RECORDS SHOWN:
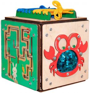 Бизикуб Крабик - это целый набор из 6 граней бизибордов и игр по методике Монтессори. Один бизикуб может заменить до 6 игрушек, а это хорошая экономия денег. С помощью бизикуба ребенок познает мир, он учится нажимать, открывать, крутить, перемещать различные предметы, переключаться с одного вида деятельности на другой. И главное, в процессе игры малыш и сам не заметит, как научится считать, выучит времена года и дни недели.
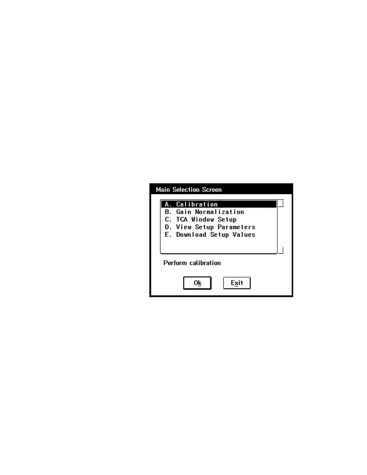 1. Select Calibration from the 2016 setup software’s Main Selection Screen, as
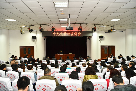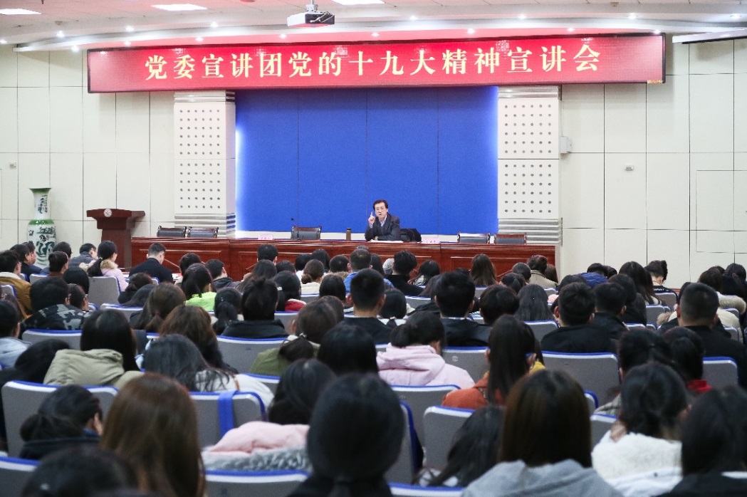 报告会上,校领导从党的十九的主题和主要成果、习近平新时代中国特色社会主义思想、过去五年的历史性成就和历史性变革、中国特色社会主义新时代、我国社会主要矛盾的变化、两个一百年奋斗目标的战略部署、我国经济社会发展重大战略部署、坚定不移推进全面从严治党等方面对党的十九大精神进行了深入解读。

* * *

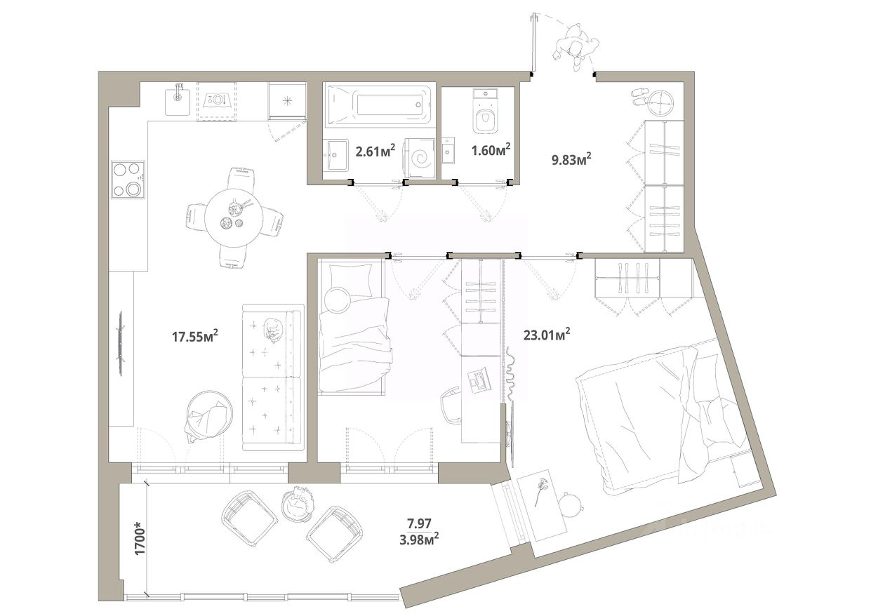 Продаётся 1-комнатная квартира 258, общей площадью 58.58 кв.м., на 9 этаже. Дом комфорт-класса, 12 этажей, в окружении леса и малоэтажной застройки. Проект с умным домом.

---

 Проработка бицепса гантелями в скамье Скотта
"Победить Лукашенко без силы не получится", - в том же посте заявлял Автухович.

INSTRUCTIONS FOR THE TASK: The reply should consist solely of the lines above from the one that has "Проработка бицепса гантелями в скамье Скотта" through the one that has "посте заявлял Автухович.", reproduced exactly.

EXERCISE ANSWER:
 Проработка бицепса гантелями в скамье Скотта
"Победить Лукашенко без силы не получится", - в том же посте заявлял Автухович.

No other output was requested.